Joe Duran and United Capital Financial Partners turn the equation on its head.

David J. Drucker, 04/20/2006

Listen to folks who make their living in the practice succession/transition marketplace, and they'll tell you to build value in your practice before you sell it.

Heck, that's just common sense isn't it? Perhaps, but the insinuation is that you'll never realize that value in your selling price if you don't create it yourself. Yet, that's not always true. A firm buying up advisory practices--United Capital Financial Partners, a Nevada holding company--stakes its success on just the opposite philosophy: Help advisors build value after they sell and then let them share in the increased valuation.
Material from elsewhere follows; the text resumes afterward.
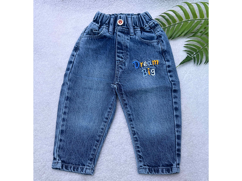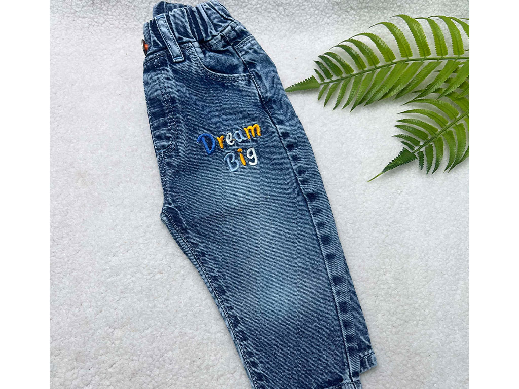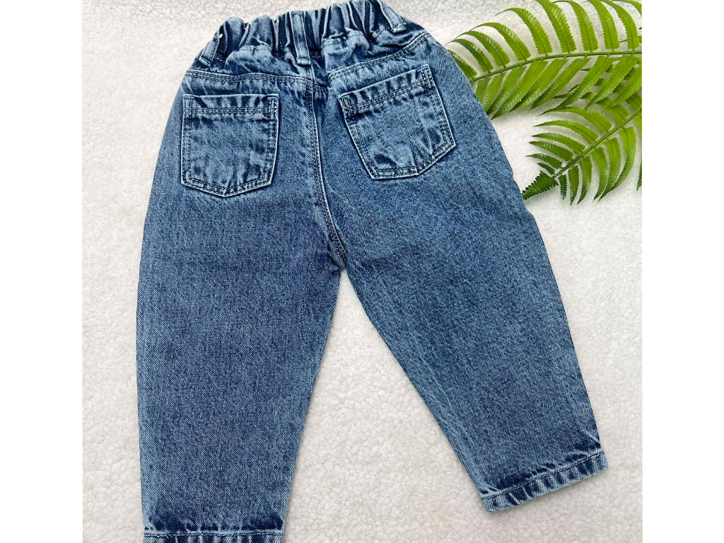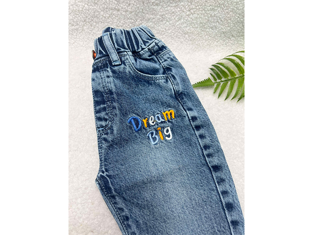 شلوار جین کمرکش مام فیت رنگ آبی طرح گلدوزی رنگی

Explains Joe Duran, United Capital's CEO and co-founder, this is how United Capital differs from roll-up firms, the best-known of which is probably National Financial Partners. "We buy a firm and create a sum that's greater than its parts. Roll-ups don't traditionally do this. NFP is focused primarily on creating a size arbitrage. They don't typically change the value of the underlying business, so they must keep doing more and more acquisitions to keep up the value of the total entity."

Duran, the author of two books on investing and business creation, spent the last decade building Centurion Capital Management Corp., a multibillion-dollar-under-management firm he and his partners sold to General Electric's GE Financial in 2001. He says United Capital usually increases a seller's revenues by 40% in the first six months after acquisition. In fact, says Duran, their system works with both commission- and fee-based firms. A commission-based practice they acquired in September with $1.1 million in revenues is on track to realize $1.9 million in revenues for 2006; an investment advisory practice they purchased earlier in 2005 increased from $700,000 in revenues to $1.2 million over the next year.
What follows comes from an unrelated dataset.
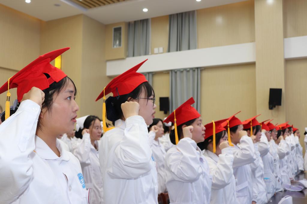 护理学院党总支副书记卢齐伟向18岁的同学们表示热烈祝贺,并勉励成人学生要牢记今天的誓言,拿出勇气,拿出干劲,踔厉奋发,笃行不怠!希望同学们心怀感恩,担当责任;超越自我,勇往直前;志存高远,自强不息,书写青春华章!十八岁的风已经到站,从今天开始,愿青年们小小的肩膀能承担起大大的责任,重重的壳仍裹挟着对梦想轻轻地仰望,不负韶华,砥砺前行。(图:卢齐伟 文:王艳 初审:蔡淼 复审:卢齐伟 终审:蔡季秋)

"We are a true strategic partner. We increase both the acquired firm's assets and revenues while reducing the amount of work to the seller. In short, we make it more about the business than the principal, and that has a positive effect on value." As a side benefit, says Duran, client relationships usually improve in the process.

But let's start from inception: How might this process work from beginning to end? Assuming the selling firm meets United Capital's qualifications (more about this later), the seller is characterized based upon his or her personal desire to remain with the business. "Some sellers want to walk away immediately, some want to buy out a senior partner, others want a timed exit, and still others want to stick around and manage their firms--now a part of a larger entity--indefinitely," says Duran.

This ultimately affects the sales price because, in negotiating that price, sellers buy back their compensation, so to speak. That is, they decide what portion of their existing net cash flow they want to keep as their compensation for the managerial work they will perform for the business going forward. "Employment agreements are typically a minimum of two years, unless the seller needs to walk away immediately," says Duran.

The purchase price they receive is based on the remaining cash flow, which they may take in the form of cash, notes, or United Capital stock. Finally, as they participate with United Capital to build the assets and revenues of their business, they receive a negotiated percentage of incremental revenues.